The bar plots are showing the sum of the total number of fires in California and Oregon between 2018 and 2021 and their confidence intervals (indication of the uncertainty) as rectangular bars.

The bar plots are showing the sum of the total number of fires in California and Oregon between 2018 and 2021 and their confidence intervals (indication of the uncertainty) as rectangular bars.

The bar plots are showing sum of total tonnes of CO2 emissions in million tonnes from fires in California and Oregon between 2018 and 2021 and their confidence intervals as rectangular bars.
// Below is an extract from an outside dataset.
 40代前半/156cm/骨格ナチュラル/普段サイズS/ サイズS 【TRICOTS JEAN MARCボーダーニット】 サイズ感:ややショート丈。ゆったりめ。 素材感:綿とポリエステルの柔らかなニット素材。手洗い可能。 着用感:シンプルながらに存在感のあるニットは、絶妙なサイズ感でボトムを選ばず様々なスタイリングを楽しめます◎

The bar plots are showing sum of total tonnes of CO2 emissions in million tonnes from fires in California and Oregon between 2018 and 2021 and their confidence intervals as rectangular bars.
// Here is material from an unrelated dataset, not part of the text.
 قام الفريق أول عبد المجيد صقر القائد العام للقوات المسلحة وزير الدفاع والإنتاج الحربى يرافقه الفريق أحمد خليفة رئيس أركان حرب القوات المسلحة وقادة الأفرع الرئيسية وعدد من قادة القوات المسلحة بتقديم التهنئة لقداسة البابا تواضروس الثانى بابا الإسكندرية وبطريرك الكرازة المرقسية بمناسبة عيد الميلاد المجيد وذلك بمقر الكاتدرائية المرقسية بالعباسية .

GHG Emissions from California and Oregon for 2021

For the rest of the tutorial, we will focus on analysing the 2021 fires in California and Oregon.

Let’s get 2021 fires data for California and Oregon from our combined dataframe.

comb_2021 = combined[combined["year"]==2021]
comb_2021 = comb_2021.groupby(["States", "month"]).agg({
"fires": "sum",
"co2_emission_estimate": "sum"
}).reset_index()

Creating barplots using seaborn to visualize 2021 fires and emissions.

sns.set()
sns.barplot(x = 'month', y = 'fires', hue = 'States', data = comb_2021, estimator= sum)
plt.xlabel('Month')
plt.ylabel('Fires')
plt.title('California and Oregon fires in 2021')
plt.tight_layout()
plt.show()

sns.set()
sns.barplot(x = 'month', y = 'co2_emission_estimate', hue = 'States', data = comb_2021, estimator= sum)
plt.yticks([25000000,50000000, 75000000, 100000000, 125000000, 150000000, 175000000],['25M','50M','75M','100M','125M', '150M', '175M'])
plt.xlabel('Month')
plt.ylabel('$CO_{2}$ Emissions Estimate (in tonnes)')
plt.title('California and Oregon $CO_{2}$ emissions (in tonnes) from fires \n in 2021')
plt.show()

Fires in California and Oregon in 2021

Fires in California and Oregon in 2021

GHG emissions in million tonnes from fires in California and Oregon in 2021

GHG emissions in million tonnes from fires in California and Oregon in 2021

Further Analysis for the United States of America

Fires in the United States between 2018 to 2021

The procedure for getting the data using Shape ID remains the same as we did for California and Oregon.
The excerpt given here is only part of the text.